= Exercise materials =
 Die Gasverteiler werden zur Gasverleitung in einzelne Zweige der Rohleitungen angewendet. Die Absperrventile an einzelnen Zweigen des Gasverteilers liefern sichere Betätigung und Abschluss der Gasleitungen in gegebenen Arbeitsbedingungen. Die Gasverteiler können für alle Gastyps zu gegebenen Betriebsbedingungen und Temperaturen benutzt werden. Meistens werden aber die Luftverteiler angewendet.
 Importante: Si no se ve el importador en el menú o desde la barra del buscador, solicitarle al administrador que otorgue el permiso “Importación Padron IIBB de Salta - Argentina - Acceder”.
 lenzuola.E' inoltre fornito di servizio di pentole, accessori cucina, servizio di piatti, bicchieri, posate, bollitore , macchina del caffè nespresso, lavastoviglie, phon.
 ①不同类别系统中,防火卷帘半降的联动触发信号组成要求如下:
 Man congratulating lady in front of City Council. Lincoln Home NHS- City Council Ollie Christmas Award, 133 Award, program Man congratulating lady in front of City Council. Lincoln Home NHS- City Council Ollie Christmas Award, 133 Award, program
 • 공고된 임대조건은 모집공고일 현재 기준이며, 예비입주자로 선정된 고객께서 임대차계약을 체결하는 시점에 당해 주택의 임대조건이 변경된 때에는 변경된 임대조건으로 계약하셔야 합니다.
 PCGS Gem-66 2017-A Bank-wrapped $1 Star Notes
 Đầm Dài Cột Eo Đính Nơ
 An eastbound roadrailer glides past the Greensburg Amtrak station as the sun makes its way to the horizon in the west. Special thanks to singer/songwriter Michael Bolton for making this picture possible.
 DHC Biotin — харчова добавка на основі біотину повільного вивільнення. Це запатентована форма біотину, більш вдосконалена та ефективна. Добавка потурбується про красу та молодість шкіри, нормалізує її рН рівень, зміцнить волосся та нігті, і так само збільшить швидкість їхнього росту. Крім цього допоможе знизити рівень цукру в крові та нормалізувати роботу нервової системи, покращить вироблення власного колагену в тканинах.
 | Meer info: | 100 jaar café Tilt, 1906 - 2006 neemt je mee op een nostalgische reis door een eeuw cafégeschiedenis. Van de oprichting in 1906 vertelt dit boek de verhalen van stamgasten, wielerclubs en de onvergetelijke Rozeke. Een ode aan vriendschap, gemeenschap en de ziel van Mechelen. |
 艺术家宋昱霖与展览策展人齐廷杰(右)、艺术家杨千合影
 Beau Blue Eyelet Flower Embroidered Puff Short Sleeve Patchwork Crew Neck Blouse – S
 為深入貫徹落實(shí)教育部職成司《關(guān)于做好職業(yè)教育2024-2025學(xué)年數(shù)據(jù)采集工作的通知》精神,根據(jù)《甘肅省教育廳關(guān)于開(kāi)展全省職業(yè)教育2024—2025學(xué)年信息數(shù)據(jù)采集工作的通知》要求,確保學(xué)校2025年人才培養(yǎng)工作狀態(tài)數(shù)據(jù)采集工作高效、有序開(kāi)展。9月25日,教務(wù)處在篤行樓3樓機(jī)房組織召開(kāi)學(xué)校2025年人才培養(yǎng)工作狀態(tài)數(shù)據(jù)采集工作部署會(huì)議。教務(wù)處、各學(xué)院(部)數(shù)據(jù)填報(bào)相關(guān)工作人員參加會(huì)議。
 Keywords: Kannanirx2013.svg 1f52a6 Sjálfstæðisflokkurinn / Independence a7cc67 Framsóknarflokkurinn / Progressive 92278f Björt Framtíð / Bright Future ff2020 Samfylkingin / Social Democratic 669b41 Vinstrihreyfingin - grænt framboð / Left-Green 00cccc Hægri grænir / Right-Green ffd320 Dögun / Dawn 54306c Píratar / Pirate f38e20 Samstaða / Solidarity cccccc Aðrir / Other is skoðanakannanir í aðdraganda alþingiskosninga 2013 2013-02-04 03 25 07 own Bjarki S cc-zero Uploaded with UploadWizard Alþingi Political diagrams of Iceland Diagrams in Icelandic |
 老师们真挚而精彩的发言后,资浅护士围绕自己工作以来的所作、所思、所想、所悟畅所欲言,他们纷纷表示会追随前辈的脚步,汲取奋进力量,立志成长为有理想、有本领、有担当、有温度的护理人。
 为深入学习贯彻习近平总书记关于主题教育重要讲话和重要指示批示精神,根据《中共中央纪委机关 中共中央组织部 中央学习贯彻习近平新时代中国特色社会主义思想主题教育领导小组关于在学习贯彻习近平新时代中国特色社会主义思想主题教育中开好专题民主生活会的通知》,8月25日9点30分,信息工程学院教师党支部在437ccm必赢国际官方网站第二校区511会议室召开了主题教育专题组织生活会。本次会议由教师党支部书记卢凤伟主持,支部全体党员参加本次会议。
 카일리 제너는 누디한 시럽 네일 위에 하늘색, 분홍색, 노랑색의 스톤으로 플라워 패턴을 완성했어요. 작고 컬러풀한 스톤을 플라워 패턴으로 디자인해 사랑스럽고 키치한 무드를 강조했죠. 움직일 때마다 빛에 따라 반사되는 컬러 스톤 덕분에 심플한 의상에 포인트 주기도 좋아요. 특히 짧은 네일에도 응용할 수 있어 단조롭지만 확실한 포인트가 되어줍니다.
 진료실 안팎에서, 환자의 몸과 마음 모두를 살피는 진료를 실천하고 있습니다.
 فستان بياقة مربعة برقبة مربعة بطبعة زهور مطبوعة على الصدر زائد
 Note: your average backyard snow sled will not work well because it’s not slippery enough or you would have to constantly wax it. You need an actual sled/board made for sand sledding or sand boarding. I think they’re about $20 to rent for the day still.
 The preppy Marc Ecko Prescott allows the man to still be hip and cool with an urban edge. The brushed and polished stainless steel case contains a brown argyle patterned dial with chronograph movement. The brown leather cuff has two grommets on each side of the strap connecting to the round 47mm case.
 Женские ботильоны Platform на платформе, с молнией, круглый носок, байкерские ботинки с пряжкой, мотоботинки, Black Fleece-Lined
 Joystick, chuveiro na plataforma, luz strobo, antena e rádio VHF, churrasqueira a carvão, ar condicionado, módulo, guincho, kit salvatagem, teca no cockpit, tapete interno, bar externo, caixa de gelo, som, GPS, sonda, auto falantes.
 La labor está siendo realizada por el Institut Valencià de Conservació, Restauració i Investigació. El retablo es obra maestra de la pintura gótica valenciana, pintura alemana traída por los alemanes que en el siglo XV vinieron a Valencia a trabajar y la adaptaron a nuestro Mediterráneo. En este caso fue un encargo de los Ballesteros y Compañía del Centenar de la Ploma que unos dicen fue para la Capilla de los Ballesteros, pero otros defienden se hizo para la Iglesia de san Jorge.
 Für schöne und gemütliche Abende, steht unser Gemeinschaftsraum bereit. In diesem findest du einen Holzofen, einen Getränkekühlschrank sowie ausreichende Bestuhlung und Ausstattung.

= Task brief =
Emit the full listing verbatim.

= The answer =
 Die Gasverteiler werden zur Gasverleitung in einzelne Zweige der Rohleitungen angewendet. Die Absperrventile an einzelnen Zweigen des Gasverteilers liefern sichere Betätigung und Abschluss der Gasleitungen in gegebenen Arbeitsbedingungen. Die Gasverteiler können für alle Gastyps zu gegebenen Betriebsbedingungen und Temperaturen benutzt werden. Meistens werden aber die Luftverteiler angewendet.
 Importante: Si no se ve el importador en el menú o desde la barra del buscador, solicitarle al administrador que otorgue el permiso “Importación Padron IIBB de Salta - Argentina - Acceder”.
 lenzuola.E' inoltre fornito di servizio di pentole, accessori cucina, servizio di piatti, bicchieri, posate, bollitore , macchina del caffè nespresso, lavastoviglie, phon.
 ①不同类别系统中,防火卷帘半降的联动触发信号组成要求如下:
 Man congratulating lady in front of City Council. Lincoln Home NHS- City Council Ollie Christmas Award, 133 Award, program Man congratulating lady in front of City Council. Lincoln Home NHS- City Council Ollie Christmas Award, 133 Award, program
 • 공고된 임대조건은 모집공고일 현재 기준이며, 예비입주자로 선정된 고객께서 임대차계약을 체결하는 시점에 당해 주택의 임대조건이 변경된 때에는 변경된 임대조건으로 계약하셔야 합니다.
 PCGS Gem-66 2017-A Bank-wrapped $1 Star Notes
 Đầm Dài Cột Eo Đính Nơ
 An eastbound roadrailer glides past the Greensburg Amtrak station as the sun makes its way to the horizon in the west. Special thanks to singer/songwriter Michael Bolton for making this picture possible.
 DHC Biotin — харчова добавка на основі біотину повільного вивільнення. Це запатентована форма біотину, більш вдосконалена та ефективна. Добавка потурбується про красу та молодість шкіри, нормалізує її рН рівень, зміцнить волосся та нігті, і так само збільшить швидкість їхнього росту. Крім цього допоможе знизити рівень цукру в крові та нормалізувати роботу нервової системи, покращить вироблення власного колагену в тканинах.
 | Meer info: | 100 jaar café Tilt, 1906 - 2006 neemt je mee op een nostalgische reis door een eeuw cafégeschiedenis. Van de oprichting in 1906 vertelt dit boek de verhalen van stamgasten, wielerclubs en de onvergetelijke Rozeke. Een ode aan vriendschap, gemeenschap en de ziel van Mechelen. |
 艺术家宋昱霖与展览策展人齐廷杰(右)、艺术家杨千合影
 Beau Blue Eyelet Flower Embroidered Puff Short Sleeve Patchwork Crew Neck Blouse – S
 為深入貫徹落實(shí)教育部職成司《關(guān)于做好職業(yè)教育2024-2025學(xué)年數(shù)據(jù)采集工作的通知》精神,根據(jù)《甘肅省教育廳關(guān)于開(kāi)展全省職業(yè)教育2024—2025學(xué)年信息數(shù)據(jù)采集工作的通知》要求,確保學(xué)校2025年人才培養(yǎng)工作狀態(tài)數(shù)據(jù)采集工作高效、有序開(kāi)展。9月25日,教務(wù)處在篤行樓3樓機(jī)房組織召開(kāi)學(xué)校2025年人才培養(yǎng)工作狀態(tài)數(shù)據(jù)采集工作部署會(huì)議。教務(wù)處、各學(xué)院(部)數(shù)據(jù)填報(bào)相關(guān)工作人員參加會(huì)議。
 Keywords: Kannanirx2013.svg 1f52a6 Sjálfstæðisflokkurinn / Independence a7cc67 Framsóknarflokkurinn / Progressive 92278f Björt Framtíð / Bright Future ff2020 Samfylkingin / Social Democratic 669b41 Vinstrihreyfingin - grænt framboð / Left-Green 00cccc Hægri grænir / Right-Green ffd320 Dögun / Dawn 54306c Píratar / Pirate f38e20 Samstaða / Solidarity cccccc Aðrir / Other is skoðanakannanir í aðdraganda alþingiskosninga 2013 2013-02-04 03 25 07 own Bjarki S cc-zero Uploaded with UploadWizard Alþingi Political diagrams of Iceland Diagrams in Icelandic |
 老师们真挚而精彩的发言后,资浅护士围绕自己工作以来的所作、所思、所想、所悟畅所欲言,他们纷纷表示会追随前辈的脚步,汲取奋进力量,立志成长为有理想、有本领、有担当、有温度的护理人。
 为深入学习贯彻习近平总书记关于主题教育重要讲话和重要指示批示精神,根据《中共中央纪委机关 中共中央组织部 中央学习贯彻习近平新时代中国特色社会主义思想主题教育领导小组关于在学习贯彻习近平新时代中国特色社会主义思想主题教育中开好专题民主生活会的通知》,8月25日9点30分,信息工程学院教师党支部在437ccm必赢国际官方网站第二校区511会议室召开了主题教育专题组织生活会。本次会议由教师党支部书记卢凤伟主持,支部全体党员参加本次会议。
 카일리 제너는 누디한 시럽 네일 위에 하늘색, 분홍색, 노랑색의 스톤으로 플라워 패턴을 완성했어요. 작고 컬러풀한 스톤을 플라워 패턴으로 디자인해 사랑스럽고 키치한 무드를 강조했죠. 움직일 때마다 빛에 따라 반사되는 컬러 스톤 덕분에 심플한 의상에 포인트 주기도 좋아요. 특히 짧은 네일에도 응용할 수 있어 단조롭지만 확실한 포인트가 되어줍니다.
 진료실 안팎에서, 환자의 몸과 마음 모두를 살피는 진료를 실천하고 있습니다.
 فستان بياقة مربعة برقبة مربعة بطبعة زهور مطبوعة على الصدر زائد
 Note: your average backyard snow sled will not work well because it’s not slippery enough or you would have to constantly wax it. You need an actual sled/board made for sand sledding or sand boarding. I think they’re about $20 to rent for the day still.
 The preppy Marc Ecko Prescott allows the man to still be hip and cool with an urban edge. The brushed and polished stainless steel case contains a brown argyle patterned dial with chronograph movement. The brown leather cuff has two grommets on each side of the strap connecting to the round 47mm case.
 Женские ботильоны Platform на платформе, с молнией, круглый носок, байкерские ботинки с пряжкой, мотоботинки, Black Fleece-Lined
 Joystick, chuveiro na plataforma, luz strobo, antena e rádio VHF, churrasqueira a carvão, ar condicionado, módulo, guincho, kit salvatagem, teca no cockpit, tapete interno, bar externo, caixa de gelo, som, GPS, sonda, auto falantes.
 La labor está siendo realizada por el Institut Valencià de Conservació, Restauració i Investigació. El retablo es obra maestra de la pintura gótica valenciana, pintura alemana traída por los alemanes que en el siglo XV vinieron a Valencia a trabajar y la adaptaron a nuestro Mediterráneo. En este caso fue un encargo de los Ballesteros y Compañía del Centenar de la Ploma que unos dicen fue para la Capilla de los Ballesteros, pero otros defienden se hizo para la Iglesia de san Jorge.
 Für schöne und gemütliche Abende, steht unser Gemeinschaftsraum bereit. In diesem findest du einen Holzofen, einen Getränkekühlschrank sowie ausreichende Bestuhlung und Ausstattung.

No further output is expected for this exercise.